*Problem to solve:* Pictures are to be omitted, and every entry below is to be restated exactly.

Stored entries

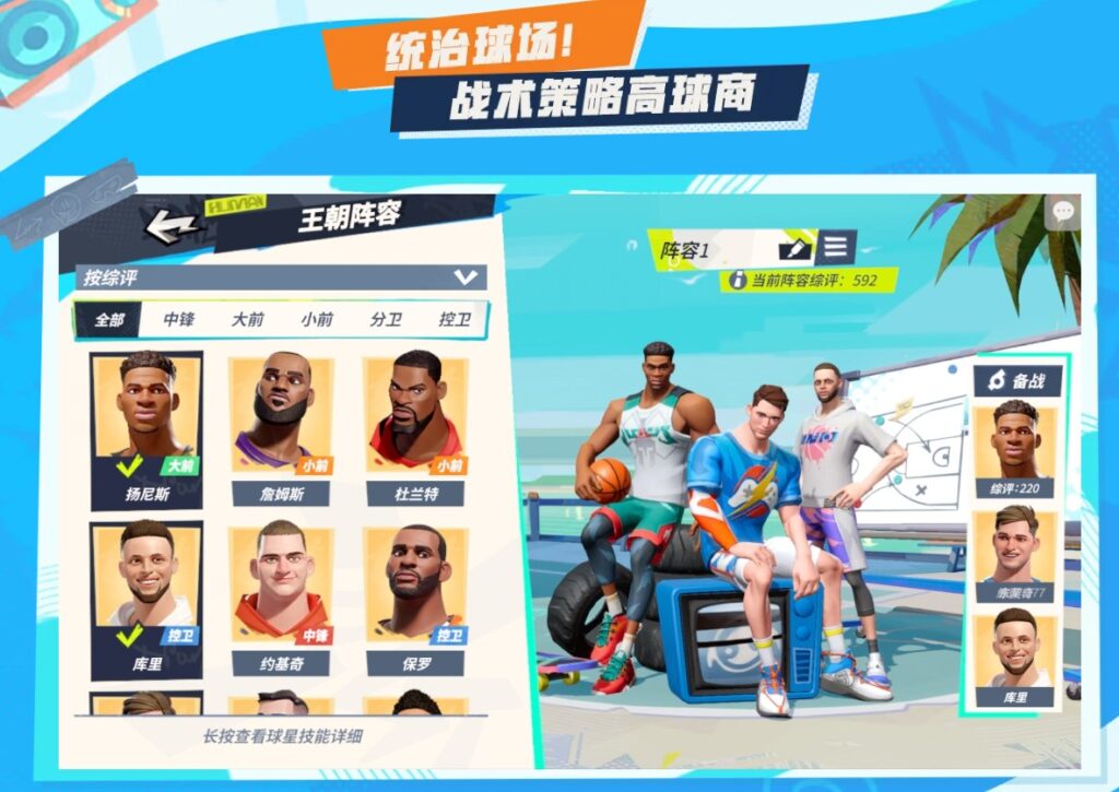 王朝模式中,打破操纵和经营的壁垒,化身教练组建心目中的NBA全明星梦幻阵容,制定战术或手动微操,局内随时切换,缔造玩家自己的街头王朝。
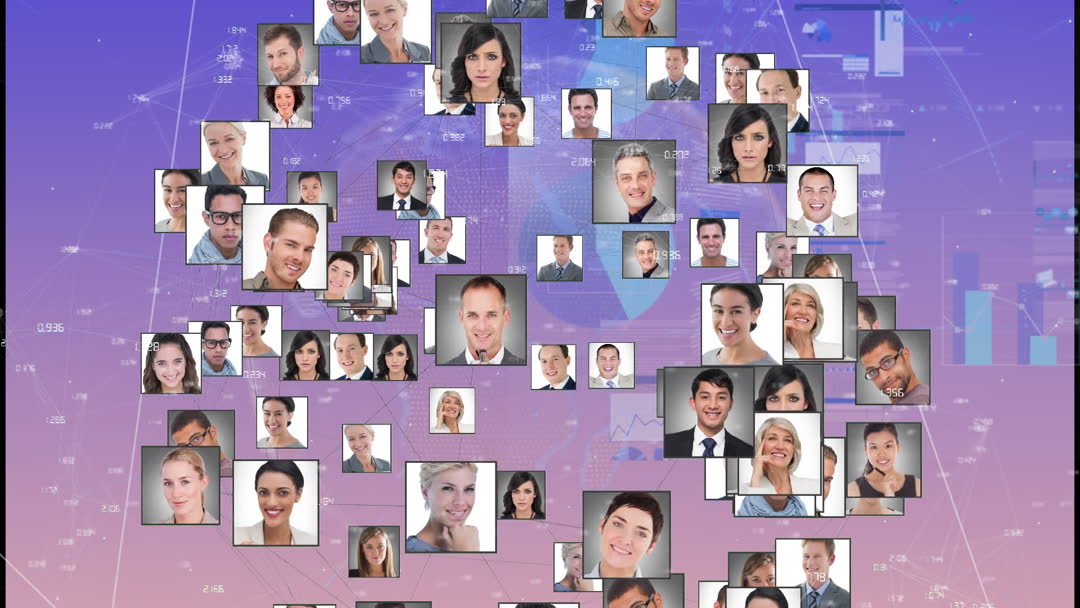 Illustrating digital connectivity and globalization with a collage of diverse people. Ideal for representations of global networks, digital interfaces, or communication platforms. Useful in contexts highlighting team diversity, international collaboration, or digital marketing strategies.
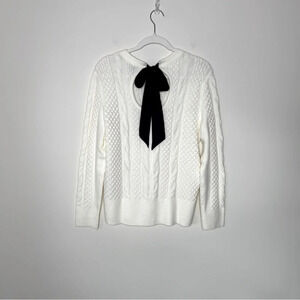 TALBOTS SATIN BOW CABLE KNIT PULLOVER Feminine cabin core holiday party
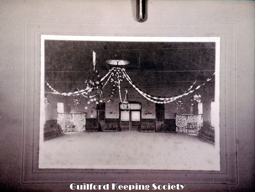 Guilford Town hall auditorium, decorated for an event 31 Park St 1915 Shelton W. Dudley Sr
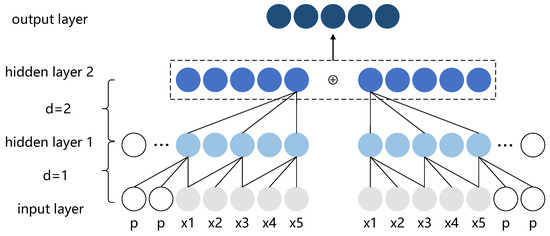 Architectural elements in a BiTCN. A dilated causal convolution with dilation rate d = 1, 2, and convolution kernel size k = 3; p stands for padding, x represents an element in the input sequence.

*Answer to the exercise:*
 王朝模式中,打破操纵和经营的壁垒,化身教练组建心目中的NBA全明星梦幻阵容,制定战术或手动微操,局内随时切换,缔造玩家自己的街头王朝。
 Illustrating digital connectivity and globalization with a collage of diverse people. Ideal for representations of global networks, digital interfaces, or communication platforms. Useful in contexts highlighting team diversity, international collaboration, or digital marketing strategies.
 TALBOTS SATIN BOW CABLE KNIT PULLOVER Feminine cabin core holiday party
 Guilford Town hall auditorium, decorated for an event 31 Park St 1915 Shelton W. Dudley Sr
 Architectural elements in a BiTCN. A dilated causal convolution with dilation rate d = 1, 2, and convolution kernel size k = 3; p stands for padding, x represents an element in the input sequence.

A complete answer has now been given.